ABSTRACT

Chapter 4 serves to extend many of the principles that were introduced in Chapters 2 and 3. Specifically, we saw that the regularization techniques that were applied to models with normally distributed dependent variables, including the lasso, ridge, and elastic net, can be extended in a straightforward manner to cases where the response variable is categorical in nature. Thus, researchers who are working with dichotomous outcomes requiring the use of logistic regression can use penalized estimators for situations in which such techniques might be particularly helpful (e.g., high-dimensional data, collinearity). Similarly, logistic regression models for categorical variables with three or more outcomes that are either ordered or not can also be regularized. Finally, we saw in Chapter 4 that models involving count data and therefore requiring the use of the Poisson distribution, as well as those for which time until even data are being modeled (Cox regression) can also be estimated using regularization techniques including the lasso, ridge, and elastic net. In short, virtually all of the approaches outlined in Chapter 3 can be easily extended to GLiMs using the glmnet and associated libraries in R.
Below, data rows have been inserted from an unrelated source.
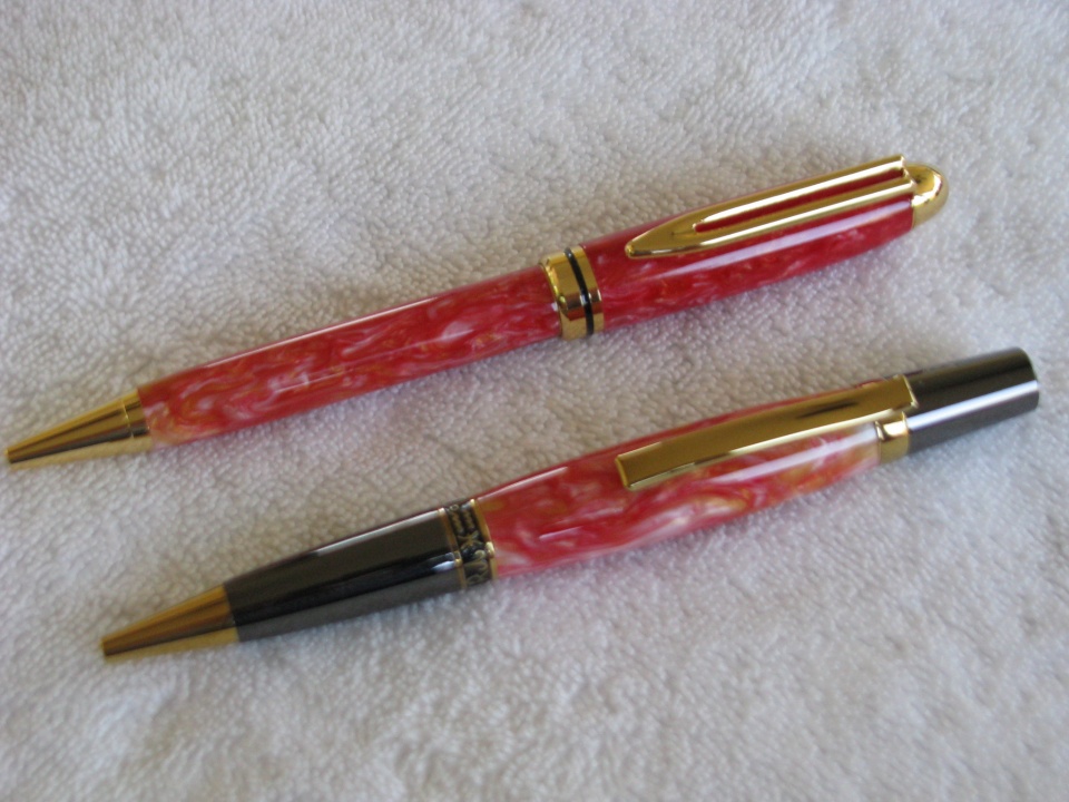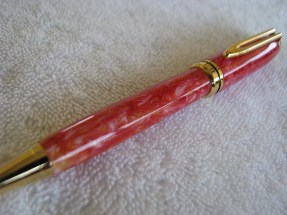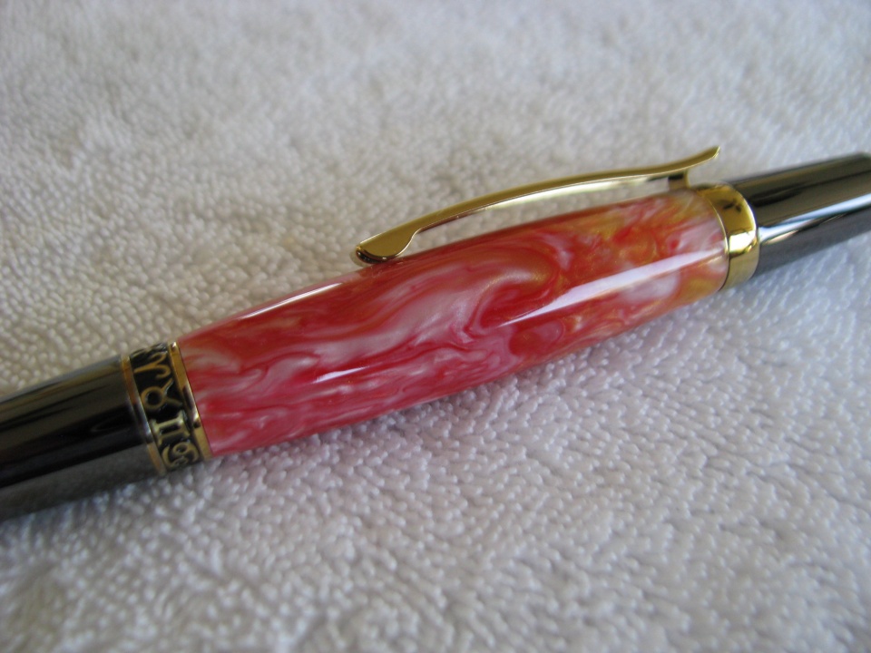 I was asked to make a pen to be used as a raffle item for my upcoming 45th high school reunion. I tried to find a red, gold and white blank to match the school colors but kept coming up empty. I contacted Mike Allen at Woodshed Pen Company and asked if he could help. A few days later a some beautiful custom blanks arrived in the mail and ..... well, lets just say the reunion committee was very happy to receive not 1 but 2 pens for their fund raising activities.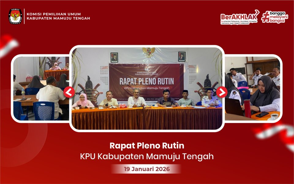 KPU Kabupaten Mamuju Tengah kembali melaksanakan Rapat Pleno Rutin bertempat di Aula Kantor KPU, Senin (19/1/2026). Rapat dipimpin oleh Ketua KPU dan dihadiri oleh Anggota KPU, Kasubag, serta seluruh staf Sekretariat.
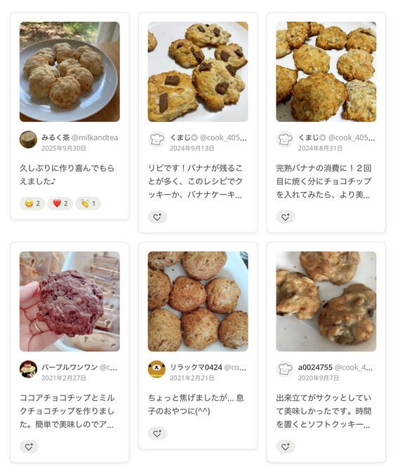 実際にこのレシピで作った人の感想つくれぽ(つくりましたフォトレポートのこと)にも「バナナクッキー、初めて作りました!好評でした」「バナナ消費においしくいただきました」「子供のおやつに。喜んでくれました」など、250件以上もの嬉しい声が届いています。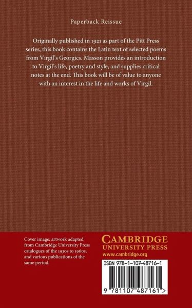 Originally published in 1921 as part of the Pitt Press series, this book contains the Latin text of selected poems from Virgil's Georgics. Masson provides an introduction to Virgil's life, poetry and style, and supplies critical notes at the end. This book will be of value to anyone with an interest in the life and works of Virgil.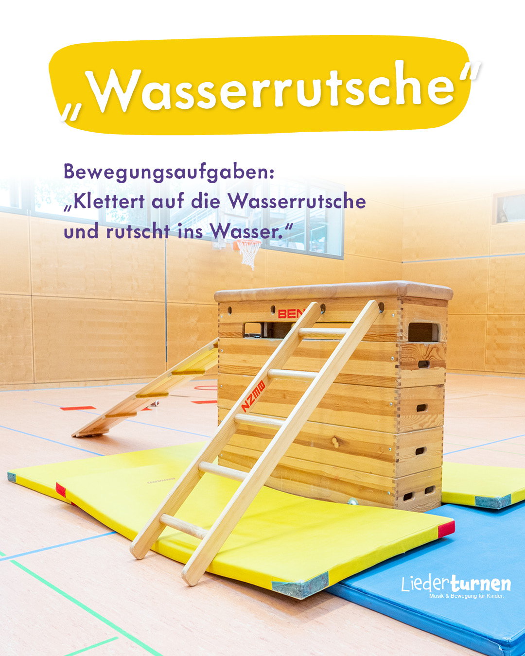 Bewegungsaufgaben: „Klettert auf die Wasserrutsche und rutscht ins Wasser.“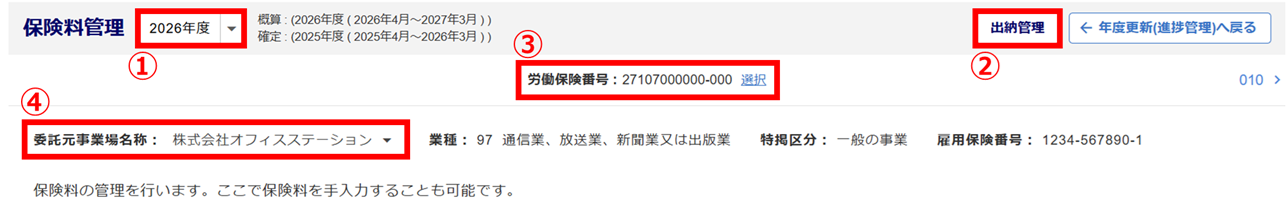 出納管理 「①対象年度」「③労働保険番号」で選択した年度、労働保険番号の「出納管理」画面に移動します。

In the next chapter, we will turn our attention from the univariate context, in which there is a single dependent variable, to situations in which we have multivariate data; i.e. multipole dependent variables. As we will see in Chapter 5, familiar modeling techniques such as multivariate regression, canonical correlation, and discriminant analysis can all be regularized using the principles that we outlined in Chapter 2. Furthermore, these methods can be carried out quite easily in R using readily available libraries and functions.